*Records provided*:
"""
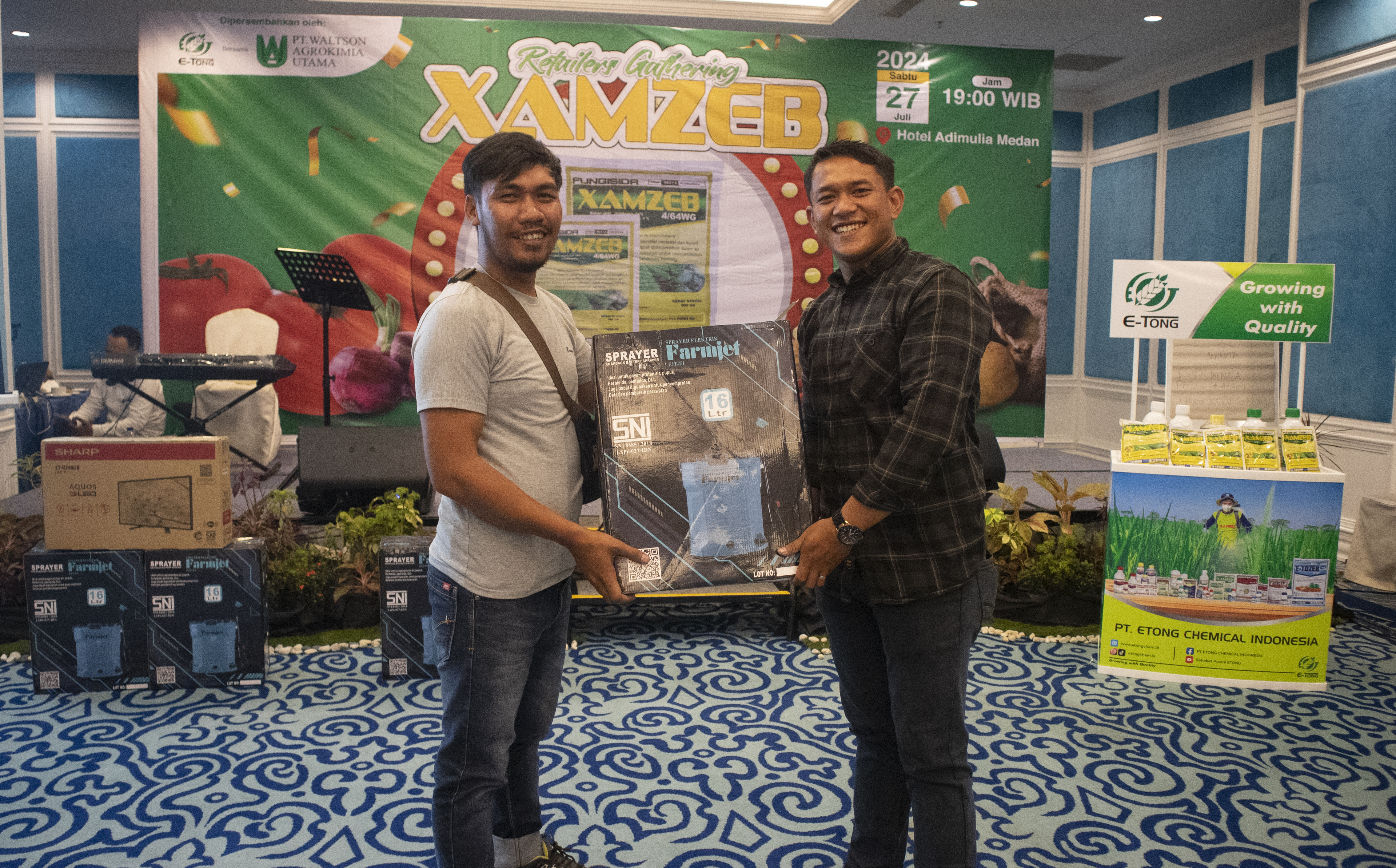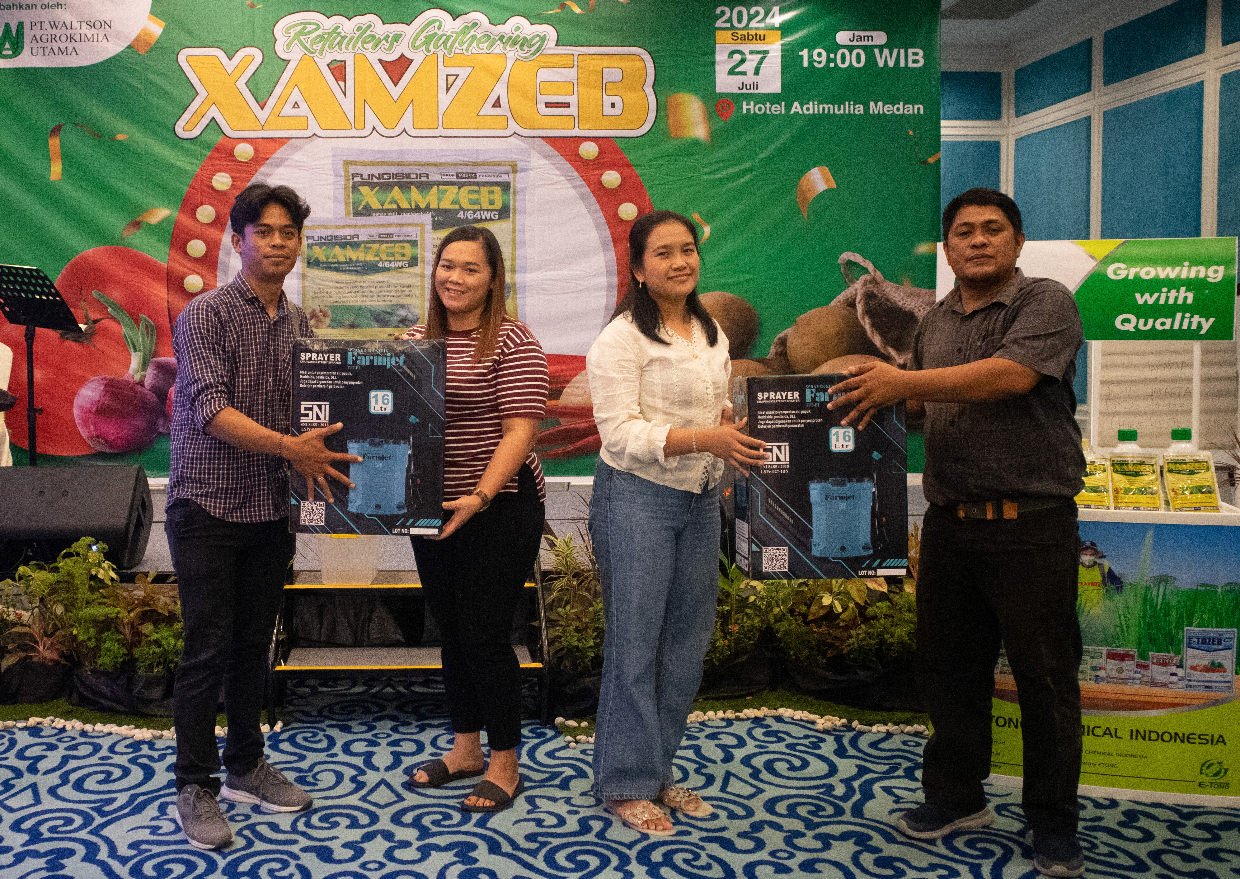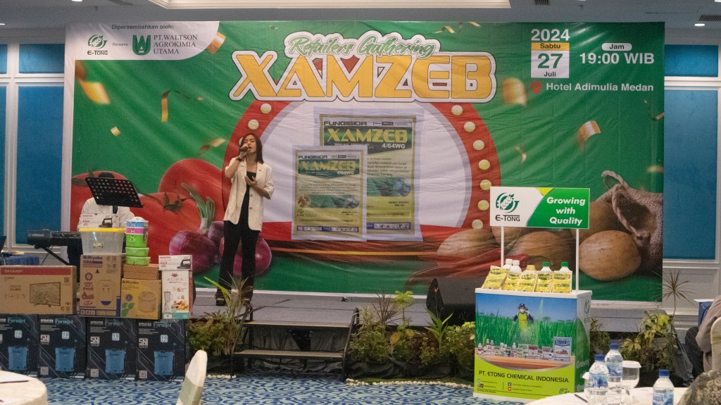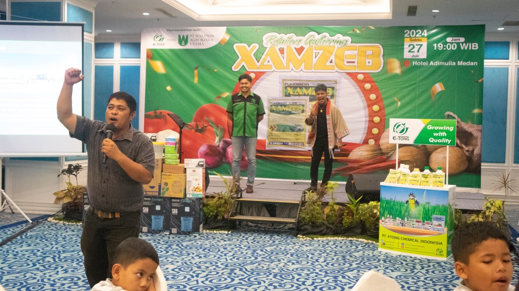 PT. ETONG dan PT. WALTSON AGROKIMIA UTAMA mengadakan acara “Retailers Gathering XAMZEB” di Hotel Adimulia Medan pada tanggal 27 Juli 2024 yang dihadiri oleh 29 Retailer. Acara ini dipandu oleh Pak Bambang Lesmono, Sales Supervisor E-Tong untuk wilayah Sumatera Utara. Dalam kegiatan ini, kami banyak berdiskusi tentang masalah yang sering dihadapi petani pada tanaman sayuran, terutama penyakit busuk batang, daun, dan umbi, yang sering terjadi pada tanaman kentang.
"""
"""
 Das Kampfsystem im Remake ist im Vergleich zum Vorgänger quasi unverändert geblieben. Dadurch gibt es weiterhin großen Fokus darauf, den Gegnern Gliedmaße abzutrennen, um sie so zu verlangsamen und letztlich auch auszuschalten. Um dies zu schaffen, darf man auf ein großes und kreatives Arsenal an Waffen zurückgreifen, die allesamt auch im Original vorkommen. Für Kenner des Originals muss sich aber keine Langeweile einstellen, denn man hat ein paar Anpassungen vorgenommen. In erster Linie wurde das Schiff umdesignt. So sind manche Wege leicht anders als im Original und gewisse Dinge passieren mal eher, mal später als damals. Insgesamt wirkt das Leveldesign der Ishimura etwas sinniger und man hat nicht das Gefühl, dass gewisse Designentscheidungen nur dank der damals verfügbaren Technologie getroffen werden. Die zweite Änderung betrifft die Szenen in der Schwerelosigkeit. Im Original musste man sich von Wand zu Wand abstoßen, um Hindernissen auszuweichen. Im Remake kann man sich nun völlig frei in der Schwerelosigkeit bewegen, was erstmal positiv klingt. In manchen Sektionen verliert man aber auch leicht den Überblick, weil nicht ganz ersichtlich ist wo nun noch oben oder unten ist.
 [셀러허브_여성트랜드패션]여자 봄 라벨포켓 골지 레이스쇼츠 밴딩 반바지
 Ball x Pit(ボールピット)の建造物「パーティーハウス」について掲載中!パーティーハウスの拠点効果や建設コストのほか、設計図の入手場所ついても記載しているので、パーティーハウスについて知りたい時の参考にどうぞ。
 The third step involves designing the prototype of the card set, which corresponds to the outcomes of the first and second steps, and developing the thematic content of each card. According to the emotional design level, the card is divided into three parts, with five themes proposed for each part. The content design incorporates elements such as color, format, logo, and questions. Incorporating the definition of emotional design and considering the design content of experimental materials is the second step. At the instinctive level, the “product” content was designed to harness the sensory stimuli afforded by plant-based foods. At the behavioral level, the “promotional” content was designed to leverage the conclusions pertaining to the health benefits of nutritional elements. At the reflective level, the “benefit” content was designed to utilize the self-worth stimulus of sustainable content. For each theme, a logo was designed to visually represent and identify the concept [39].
"""
*Instructions for the task*:
Return word for word the lines above from the line with "[셀러허브_여성트랜드패션]여자 봄 라벨포켓 골지 레이스쇼츠 밴딩 반바지" to the line with "The third step", including both and leaving out all others.

*Problem solution*:
 [셀러허브_여성트랜드패션]여자 봄 라벨포켓 골지 레이스쇼츠 밴딩 반바지
 Ball x Pit(ボールピット)の建造物「パーティーハウス」について掲載中!パーティーハウスの拠点効果や建設コストのほか、設計図の入手場所ついても記載しているので、パーティーハウスについて知りたい時の参考にどうぞ。
 The third step involves designing the prototype of the card set, which corresponds to the outcomes of the first and second steps, and developing the thematic content of each card. According to the emotional design level, the card is divided into three parts, with five themes proposed for each part. The content design incorporates elements such as color, format, logo, and questions. Incorporating the definition of emotional design and considering the design content of experimental materials is the second step. At the instinctive level, the “product” content was designed to harness the sensory stimuli afforded by plant-based foods. At the behavioral level, the “promotional” content was designed to leverage the conclusions pertaining to the health benefits of nutritional elements. At the reflective level, the “benefit” content was designed to utilize the self-worth stimulus of sustainable content. For each theme, a logo was designed to visually represent and identify the concept [39].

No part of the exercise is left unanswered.